In the Memory of William Edward Sheridan, Tragedian.

Died May 18, 1887, Aged 48 Years.

Oh for the touch of a vanished hand

And the sound of a voice that is still.

He was -

Words are wanting to say what

Say what is just and kind.

And he was that-

==Legacy==
In his book, Old Times Rocks: Golden Days Recalled (1914), Herbert Stanley Renton (1854–1939) wrote:I have spoken incidentally only of actors in general, my theme being the actors of tragic roles and the greatest of these to my thinking was William E. Sheridan, for the simple reason that he forgot Sheridan and lived the character he impersonated.
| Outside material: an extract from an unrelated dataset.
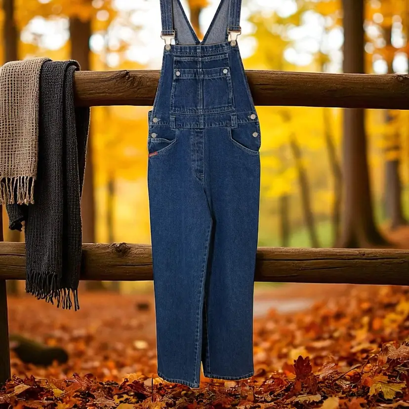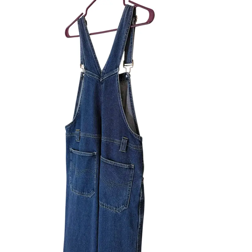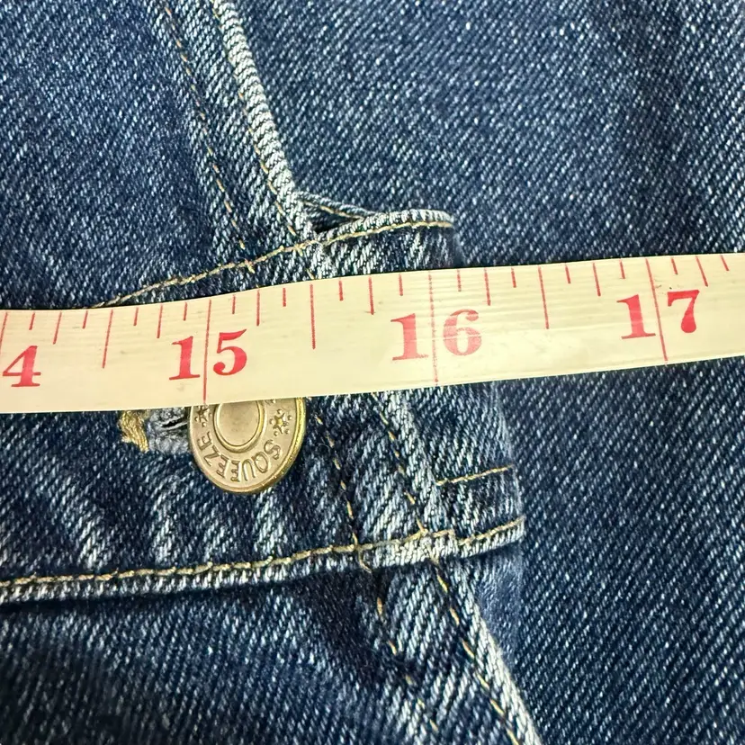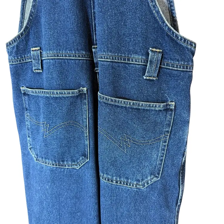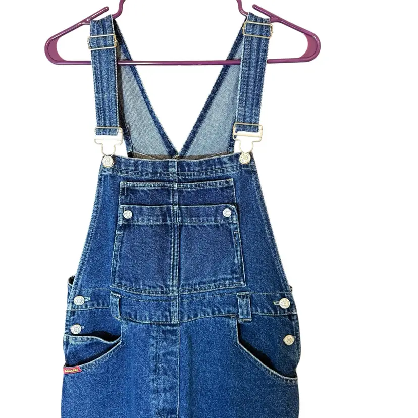 The product is a pair of 90's Y2K Squeeze Jeans Blue Denim Overalls in a women's size medium. These overalls are vintage from the 1990s with a grunge look, made of 100% cotton material. The medium blue wash, straight leg and original style make them a great addition to any casual outfit, perfect for those looking for a retro and unique fashion statement. Made in Bangladesh, these overalls offer a piece of nostalgia from the grunge era.

There were none just like him.
David Belasco, on actors he'd directed in productions of Shakespeare's The Merchant of Venice:
Among the great players of Shylock for whom it has been my fortune to direct the stage and to rehearse the immortal drama of which he is the central and pervasive figure are McCullough, Barrett, Sullivan, Booth, and, by no means least, William E. Sheridan.